*** Opening of RECORD EXTRACTS ***

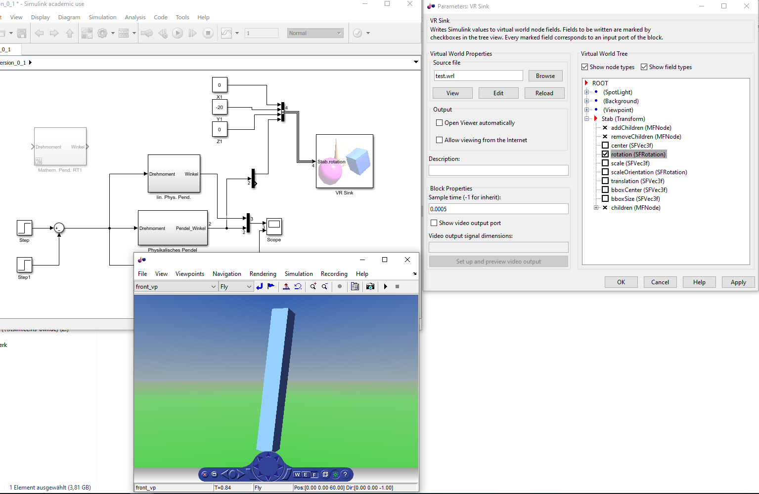 Ein Modell in Simulink existiert, die Ausgangsgröße "Pendelwinkel" möchte ich auf den Stab aus der VRML Zeichnung übertragen. Siehe Screenshot.
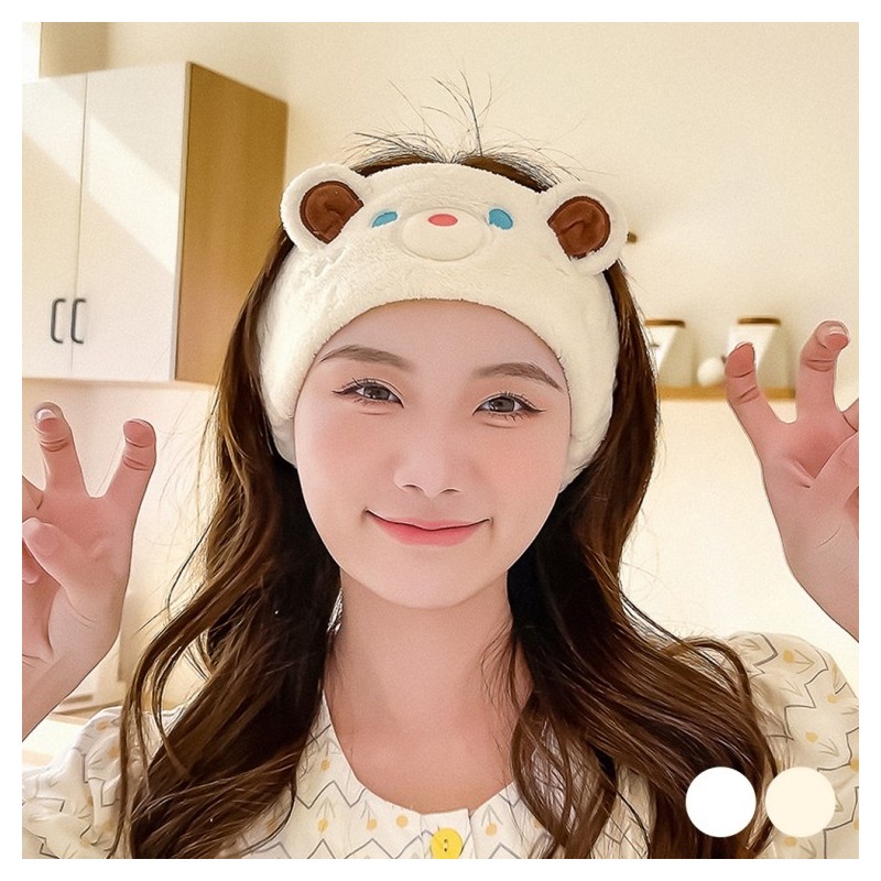 Teddy Bear Microfiber Face Wash Headband URD-380 Beige/FREE 3ea
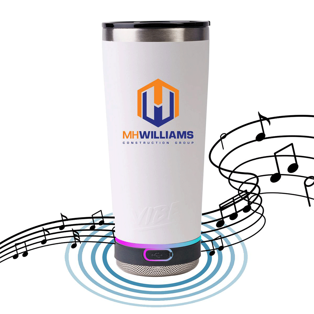 The Vibe White 18oz Speaker Tumbler keeps your beverage cool while playing your favorite tunes! This tumbler has an integrated Bluetooth speaker, double-wall stainless steel insulation and LED lights. Enjoy music for up to 8 hours while keeping your beverage cool for many more!The minimum order for this product is 24 pieces.
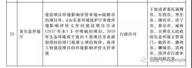 北極星大氣網訊:近日,山東省人民政府頒布《山東省人民政府關于調整實施部分省級行政權力事項的決定》,將環評審批、危廢許可等多項審批權下放,詳情如下:
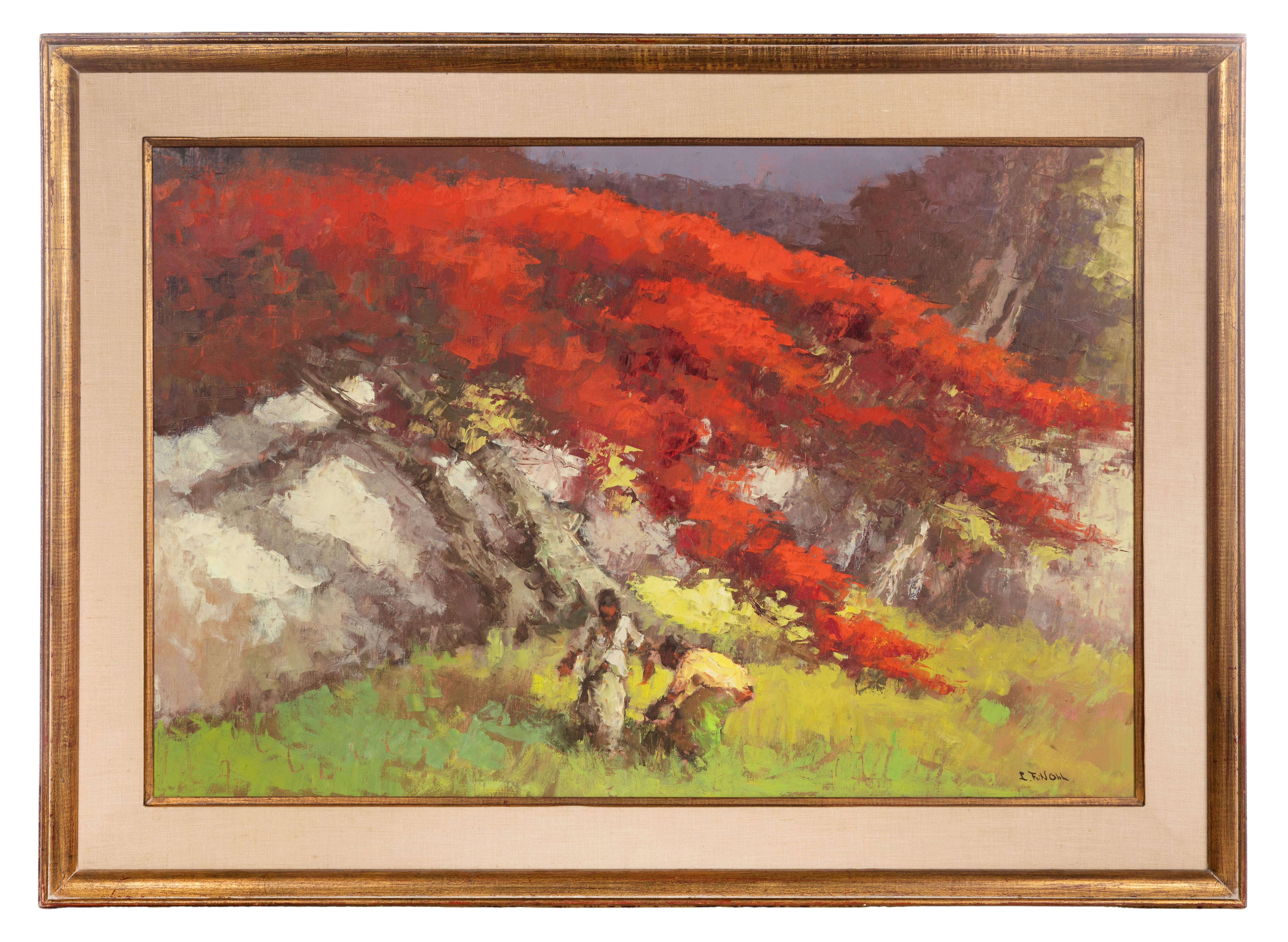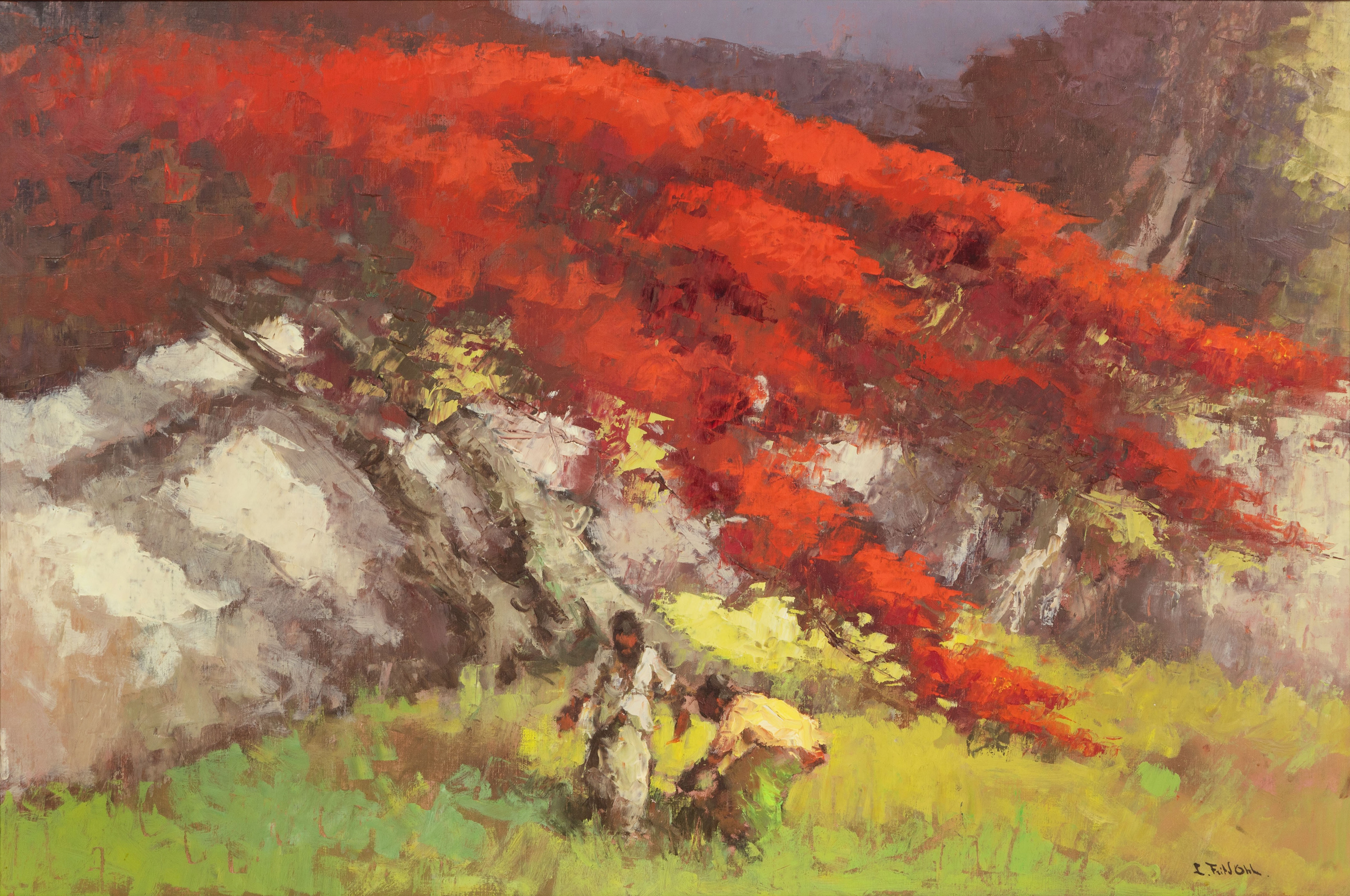 Undated, signed depiction of a blooming red tree having figures working below, matted in a gold-tone painted tray frame

*** Close of RECORD EXTRACTS ***

With all pictures omitted, return the lines from the line containing "北極星大氣網訊:近日,山東省" through the closing line of the listing above, exactly and inclusive.

◆ **SOLUTION TO THIS TASK**
 北極星大氣網訊:近日,山東省人民政府頒布《山東省人民政府關于調整實施部分省級行政權力事項的決定》,將環評審批、危廢許可等多項審批權下放,詳情如下:
 Undated, signed depiction of a blooming red tree having figures working below, matted in a gold-tone painted tray frame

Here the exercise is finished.